> **Goal of the exercise**
From the entries below, print exactly the span beginning with the line holding "الإعلام الحربي يوزع" and ending with the line holding "1、《鋰離子電池儲(chǔ)", endpoints included, and skip any pictures.

> **Dataset records**
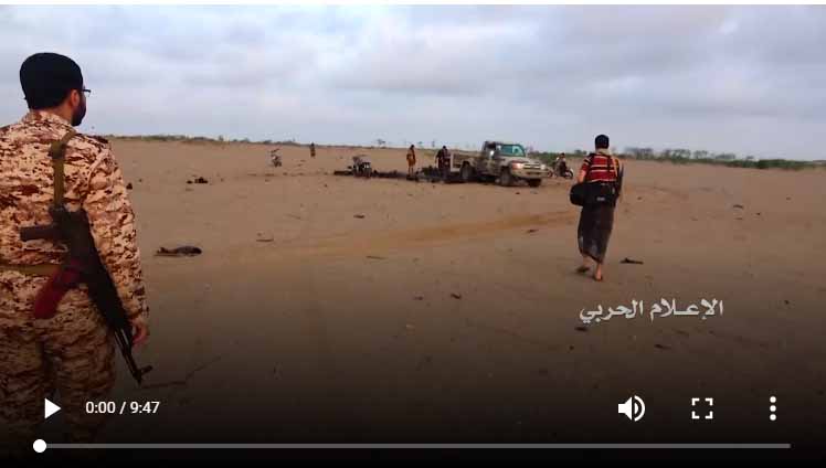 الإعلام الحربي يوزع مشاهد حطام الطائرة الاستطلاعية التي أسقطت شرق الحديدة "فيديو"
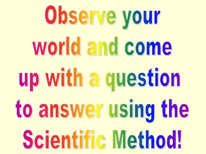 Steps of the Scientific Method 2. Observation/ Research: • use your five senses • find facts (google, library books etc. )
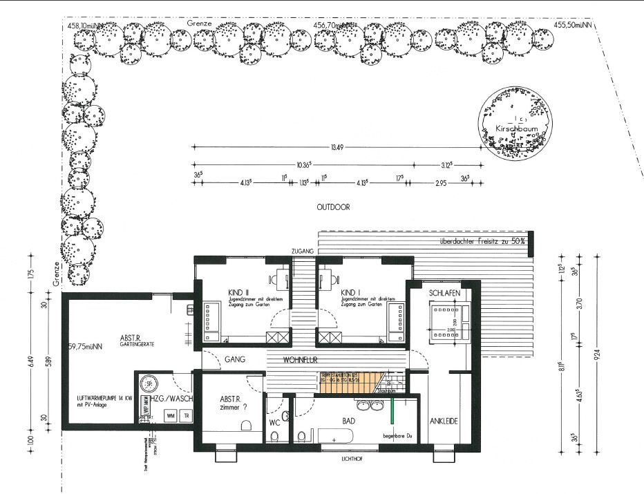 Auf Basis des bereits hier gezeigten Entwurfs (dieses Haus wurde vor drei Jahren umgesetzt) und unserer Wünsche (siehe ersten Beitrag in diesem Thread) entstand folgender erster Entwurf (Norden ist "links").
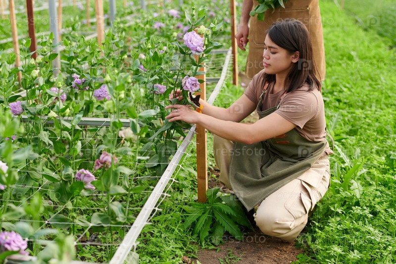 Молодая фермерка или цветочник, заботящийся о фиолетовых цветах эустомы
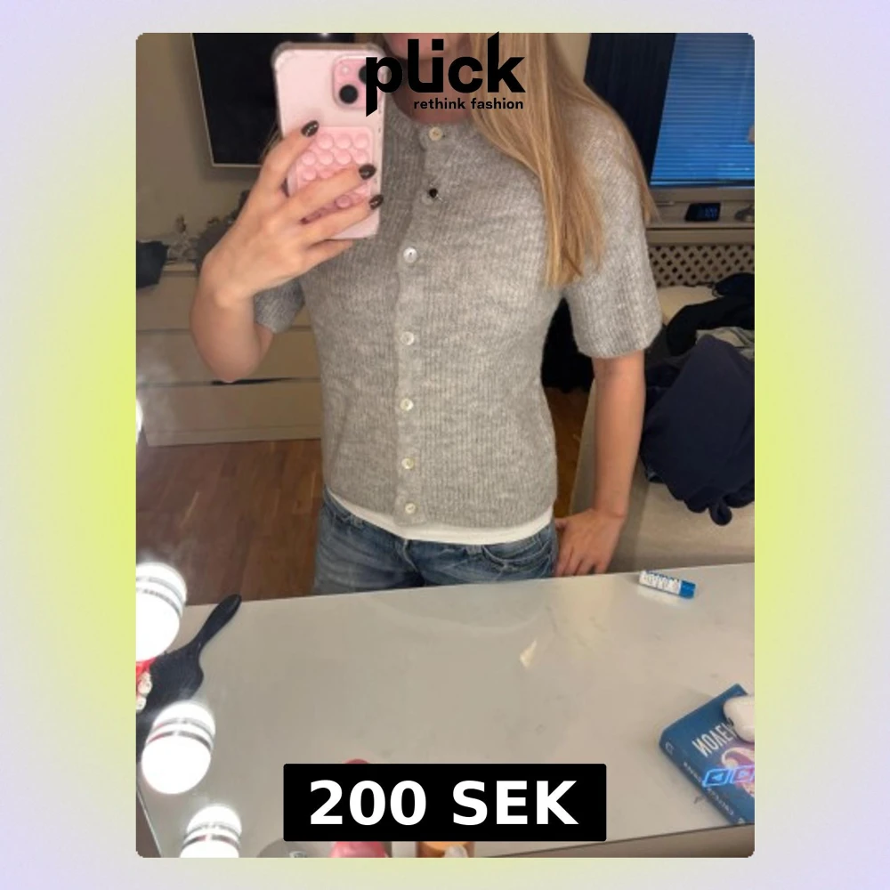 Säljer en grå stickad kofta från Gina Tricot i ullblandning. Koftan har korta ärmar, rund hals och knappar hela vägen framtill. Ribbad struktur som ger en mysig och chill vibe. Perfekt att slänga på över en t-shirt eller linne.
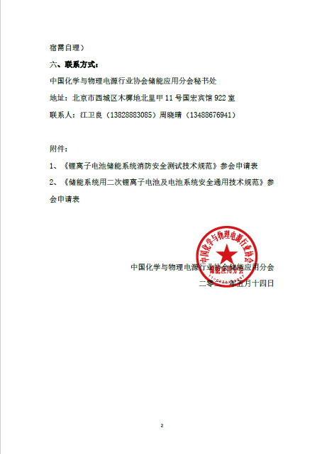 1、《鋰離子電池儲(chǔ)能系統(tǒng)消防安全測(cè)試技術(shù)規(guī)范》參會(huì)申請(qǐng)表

...

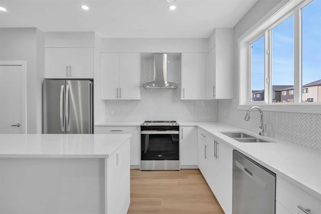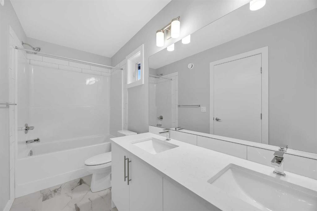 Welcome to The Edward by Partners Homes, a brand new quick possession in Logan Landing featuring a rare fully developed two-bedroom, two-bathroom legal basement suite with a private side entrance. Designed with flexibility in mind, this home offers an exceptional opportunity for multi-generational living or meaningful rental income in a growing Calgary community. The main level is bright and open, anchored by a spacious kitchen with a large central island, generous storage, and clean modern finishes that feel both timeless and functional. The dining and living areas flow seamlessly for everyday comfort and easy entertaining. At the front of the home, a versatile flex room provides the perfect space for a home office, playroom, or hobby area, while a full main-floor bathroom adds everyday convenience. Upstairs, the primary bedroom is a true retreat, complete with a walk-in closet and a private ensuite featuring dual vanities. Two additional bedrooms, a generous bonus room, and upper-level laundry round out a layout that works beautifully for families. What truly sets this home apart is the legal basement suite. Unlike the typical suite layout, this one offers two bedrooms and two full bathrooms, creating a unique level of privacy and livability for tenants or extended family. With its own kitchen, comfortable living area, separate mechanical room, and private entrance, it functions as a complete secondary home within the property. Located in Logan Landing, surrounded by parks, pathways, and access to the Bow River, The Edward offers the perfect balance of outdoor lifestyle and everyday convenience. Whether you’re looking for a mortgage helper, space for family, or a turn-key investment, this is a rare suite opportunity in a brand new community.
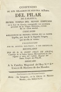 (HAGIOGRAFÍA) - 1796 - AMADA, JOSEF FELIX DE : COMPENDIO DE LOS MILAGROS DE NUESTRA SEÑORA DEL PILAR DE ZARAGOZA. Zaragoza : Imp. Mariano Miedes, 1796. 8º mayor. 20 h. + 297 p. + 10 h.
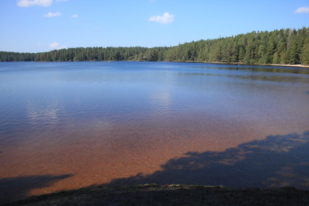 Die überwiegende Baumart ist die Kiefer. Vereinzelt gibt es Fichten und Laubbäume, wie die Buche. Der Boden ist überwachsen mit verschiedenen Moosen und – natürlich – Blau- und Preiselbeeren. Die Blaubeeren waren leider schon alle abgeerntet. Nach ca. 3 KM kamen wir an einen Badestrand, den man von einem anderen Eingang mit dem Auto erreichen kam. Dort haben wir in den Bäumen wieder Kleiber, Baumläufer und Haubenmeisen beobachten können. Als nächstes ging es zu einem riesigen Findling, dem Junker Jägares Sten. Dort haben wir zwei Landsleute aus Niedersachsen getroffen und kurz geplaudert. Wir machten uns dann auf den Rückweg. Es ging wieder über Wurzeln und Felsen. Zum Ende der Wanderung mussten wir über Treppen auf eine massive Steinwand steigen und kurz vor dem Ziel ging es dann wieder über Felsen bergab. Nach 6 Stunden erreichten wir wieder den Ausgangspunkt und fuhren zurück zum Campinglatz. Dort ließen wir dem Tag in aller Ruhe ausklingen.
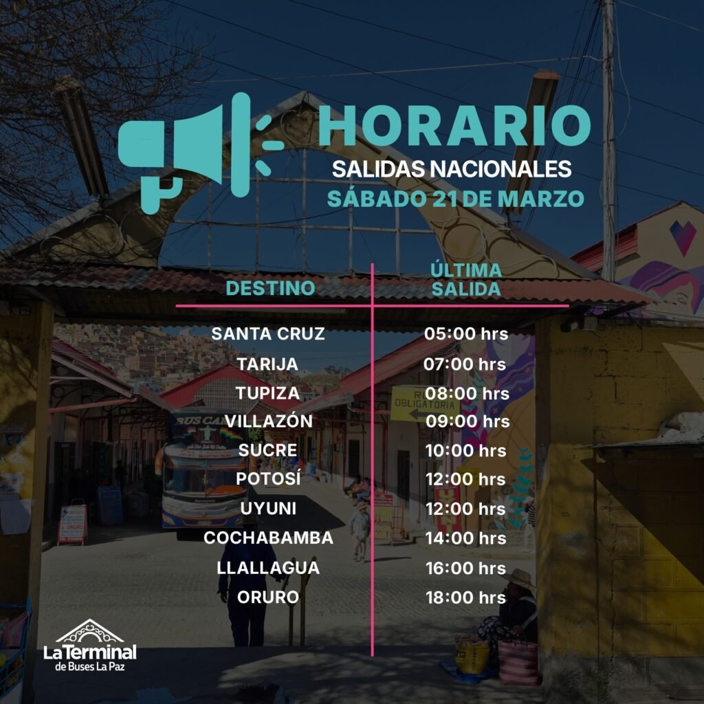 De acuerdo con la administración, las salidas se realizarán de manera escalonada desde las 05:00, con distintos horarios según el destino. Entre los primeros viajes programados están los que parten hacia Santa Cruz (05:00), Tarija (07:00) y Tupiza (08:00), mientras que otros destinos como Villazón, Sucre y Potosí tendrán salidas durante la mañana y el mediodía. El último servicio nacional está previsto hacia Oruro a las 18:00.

> **Solution to this task**
 الإعلام الحربي يوزع مشاهد حطام الطائرة الاستطلاعية التي أسقطت شرق الحديدة "فيديو"
 Steps of the Scientific Method 2. Observation/ Research: • use your five senses • find facts (google, library books etc. )
 Auf Basis des bereits hier gezeigten Entwurfs (dieses Haus wurde vor drei Jahren umgesetzt) und unserer Wünsche (siehe ersten Beitrag in diesem Thread) entstand folgender erster Entwurf (Norden ist "links").
 Молодая фермерка или цветочник, заботящийся о фиолетовых цветах эустомы
 Säljer en grå stickad kofta från Gina Tricot i ullblandning. Koftan har korta ärmar, rund hals och knappar hela vägen framtill. Ribbad struktur som ger en mysig och chill vibe. Perfekt att slänga på över en t-shirt eller linne.
 1、《鋰離子電池儲(chǔ)能系統(tǒng)消防安全測(cè)試技術(shù)規(guī)范》參會(huì)申請(qǐng)表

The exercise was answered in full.